Liberals have urged Obama to play hardball in budget talks with Republicans, even if it means plunging the country into economic uncertainty

President Obama
(Image credit: Chip Somodevilla/Getty Images)

President Obama and Speaker John Boehner will soon begin budget negotiations to avoid the fiscal cliff at the end of the year, when all the Bush tax cuts are set to expire and a slate of steep spending cuts are scheduled to take effect. Independent economists say the U.S. will slide back into a recession if that happens, yet some liberals are arguing that's precisely the course Obama should set, since allowing all the cuts to expire would make it easier for Obama to raise taxes on the rich. "At that point, a vote for a tax cut that Obama will sign — i.e., the middle-class tax cuts only — would clearly" pass the Republican-controlled House and thereby avoid an economic calamity, says Matthew Yglesias at Slate. Should Obama drive the country over the fiscal cliff?

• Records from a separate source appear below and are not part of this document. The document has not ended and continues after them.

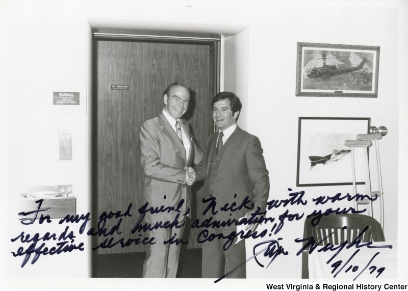 - Congressman Nick Rahall II shaking the hand of Congressman Jim Wright (D-TX). The photograph is signed: "To my good friend, Nick, with warm regards, and much admiration for your effective service in Congress! - Jim Wright."
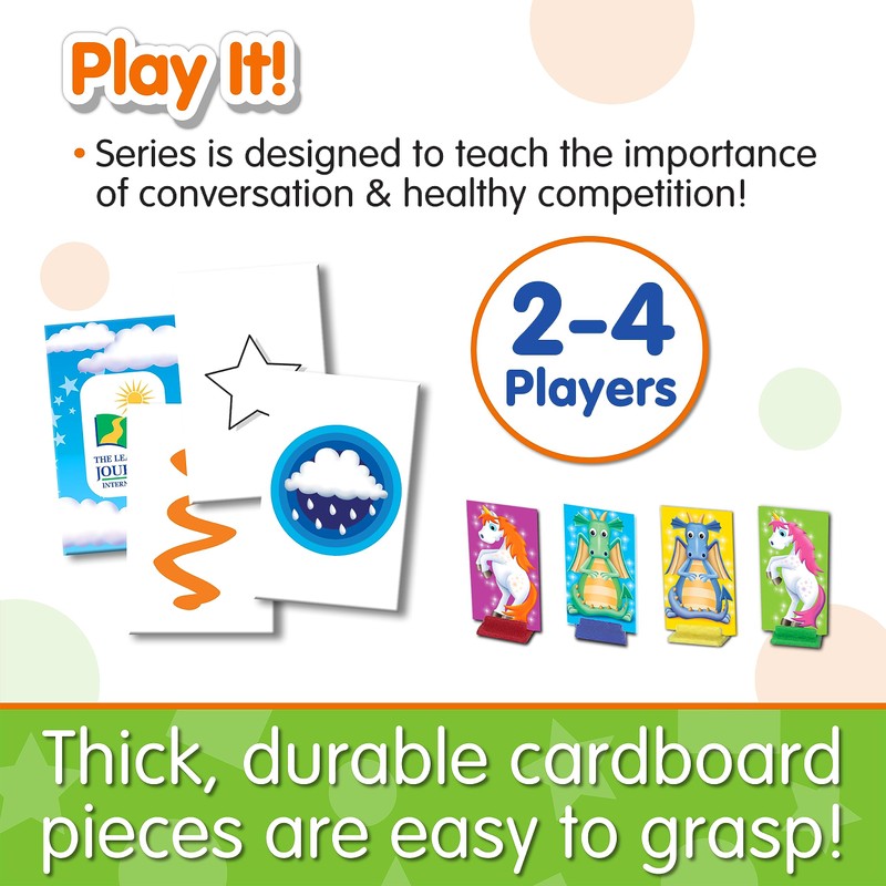 - KEY FEATURES – Ready, set, go! Race to the Rainbow is a challenging and whimsical game that helps teach color and shape recognition! Simply choose your unicorn or dragon character and take turns drawing game cards. Dash your creature along the colorful path to the color or shape that is shown on your card. If you are lucky enough to land on a rainbow, slide across it to get ahead. But be careful! If you choose a rain shower card, you must go backwards to the last rain cloud space! The first player to reach the rainbow castle wins! Includes four character cards, 42 game cards, and game board.
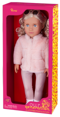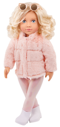 Explore fun styles and awe-inspiring looks with Ava! This Our Generation 18-inch doll has a huggable soft body and lifelike features to delight doll fans during playtime. Her light-blue eyes open and close, and her wavy, light-blonde hair is fun to style in many ways! Ava always sets her sights on trendy fashion. She arrives wearing a faux-fur coat in a lovely pink shade, matching leggings, and cute booties. She even lets her playful side shine with a pair of cat-ear sunglasses! When it's time for dress-up, her outfit has easy-open closures to quickly put on and remove. So you can mix, match, and create more stylish looks on any adventure! Our Generation dolls make a great gift for kids ages 3+ (small parts), encouraging them to imagine their own unique stories.
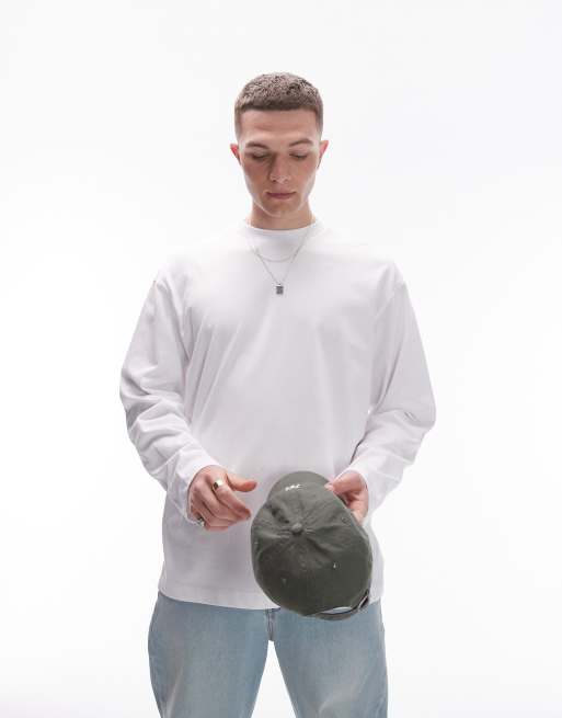 Topman – Biały T-shirt oversize typu skater z długimi rękawami i ozdobnym szwem
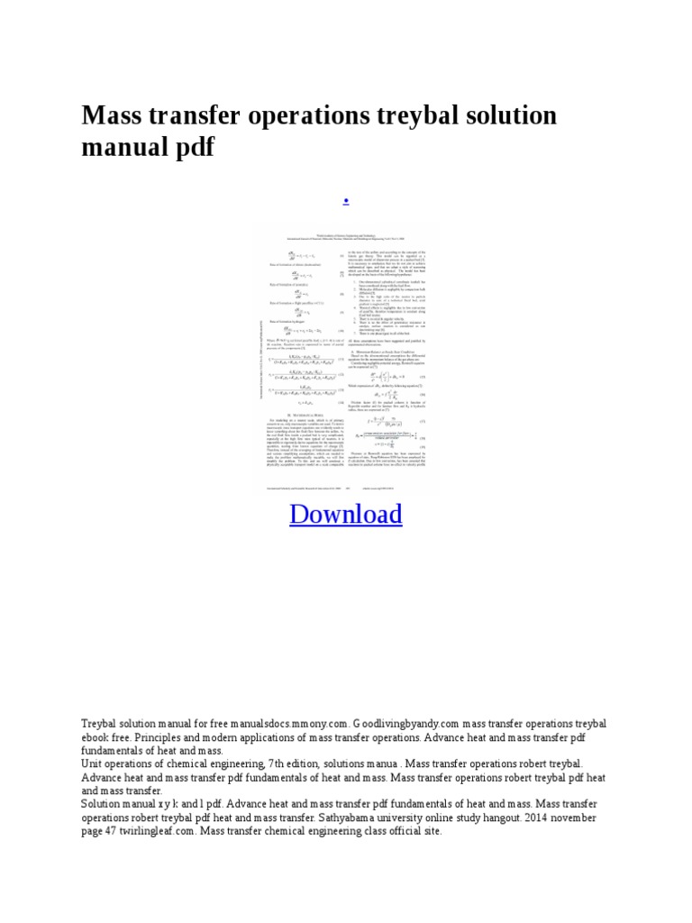 Mass transfer operations robert treybal pdf heat and mass transfer. Mass transfer operations robert treybalpdf google drive. Solutions manual to accompany mass transfer operations.
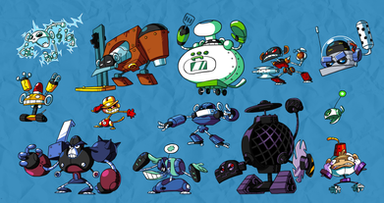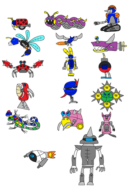 I've grouped the last of the old robot drawings together, some of them just weren't of a high enough quality to publish separately, though all of the designs themselves are current.And none of these are character 'bots, just common minions.
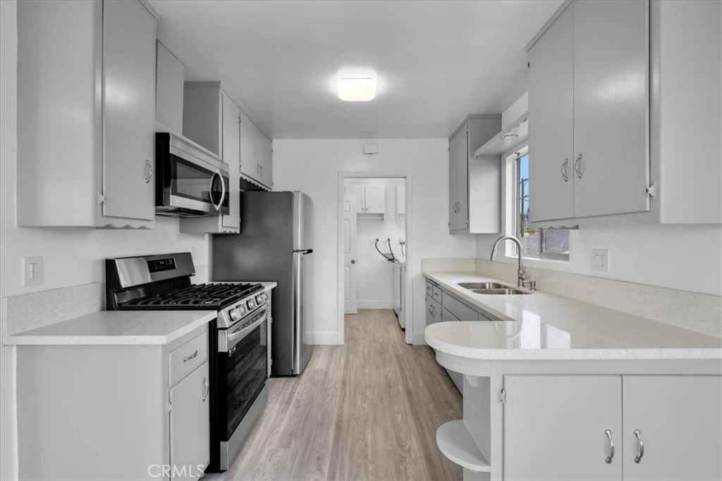 This upper-unit two-bedroom sits above the street tucked away on one of Vista Del Oro's slower residential blocks. From this vantage point, a metal screen door allows for the ocean breezes to enter throughout the day. A wall of living room windows captures natural light and looks out over the neighborhood. Inside, the unit is clean and consistent, showcasing recent updates. Light-toned LVP floors run throughout, the open living and dining area is airy and well-lit, and the kitchen is fully outfitted with contemporary gray cabinets, quartz counters, and a stainless appliance package including a gas range, built-in microwave, and full-size refrigerator. The dedicated laundry room just off the kitchen houses a full-size washer and dryer, already in place, which is the kind of thing that sounds minor until you've lived without it. The laundry area functions as an extension of the kitchen with upper cabinets for added storage and space to add racks for pantry items. The updated bathroom features built-in pocket shelves in the tub enclosure, a substantial vanity cabinet with extra storage and is topped with a stone counter, plus there is a wall mounted over the toilet storage cabinet. Both bedrooms are comfortable and bright, each with large closets and deep overhead storage. One bedroom could make a great home office! One car garage parking included. Window A/C units are allowed. What makes this address work beyond the four walls is the neighborhood around it. Busy Bee Market, a corner-store favorite, is a few blocks away (their sandwiches have a reputation that extends well beyond the city!) Averill Park is a great place for a morning walk or a dog that needs room to roam. CRAFTED at the Port and Warehouse 9 Brewery with food trucks rotating in regularly is a nearby weekend hang. The West Harbor waterfront development is actively reshaping what coastal living looks like from this end of the South Bay, and it's getting better by the day!
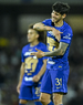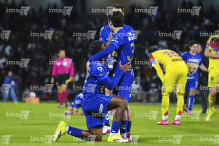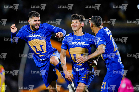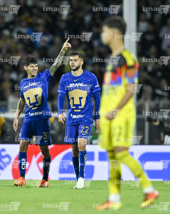 Ciudad de México, 21 de marzo de 2026. Alvaro Angulo y Jordan Carrillo en festejo, durante el partido correspondiente a la jornada 12 del torneo Clausura 2026 de la Liga BBVA MX, entre los Pumas de la UNAM y las Águilas del América, realizado en el estadio Olímpico Universitario. Foto: Imago7/ Carlos Vargas
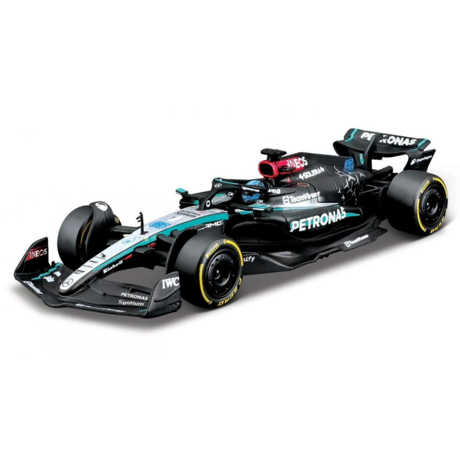 BOLID F1 Mercedes-AMG W15 (2024) #63 George Russell oryginalny produkt marki Bburago, oficjalny, licencjonowany wzór pojazdu, metalowy model z plastikowymi elementami, perfekcyjne odwzorowanie szczegółów, model umieszczony na plastikowej podkładce oraz zamknięty w ochronnej gablotce. Wymiary: długość 13cm, szerokość 5cm, wysokość 3cm. Wymiary opakowania: 14,5 x 7 x 7cm. Mercedes-AMG F1 W15 E Performance to bolid Formuły 1 na sezon 2024, będący efektem gruntownej przebudowy po rozczarowującym sezonie 2023. W15 otrzymał nowe podwozie i obudowę skrzyni biegów, zmieniono również konfigurację tylnego zawieszenia z pull-rod na push-rod, co poprawiło stabilność tylnej osi, będącej wcześniej źródłem problemów. Aerodynamika została zoptymalizowana poprzez przeprojektowanie nosa i przedniego skrzydła, a także zastosowanie innowacyjnych bocznych wlotów powietrza w kształcie litery P. W15 napędzany jest przez hybrydową jednostkę napędową Mercedes-AMG F1 M15 E Performance. W sezonie 2024 bolid odniósł cztery zwycięstwa, w tym triumfy Hamiltona na torach Silverstone i Spa, oraz Russella w Austrii i Las Vegas, co zapewniło zespołowi czwarte miejsce w klasyfikacji konstruktorów .

No. Obama shouldn't gamble with the economy: The left is pushing Obama to "adopt a strategy of confrontation and conquest," but that would be the height of irresponsibility, says David Brooks at The New York Times. "It's reckless to think you can manufacture an economic crisis for political leverage and then control the cascading results." While it would help Obama ram through tax hikes on the wealthy, it would hurt his second-term agenda, sowing "such bitterness that it would be the last thing he'd pass for the rest of his term." Resolving the fiscal cliff will "take a dealmaker, not a warrior."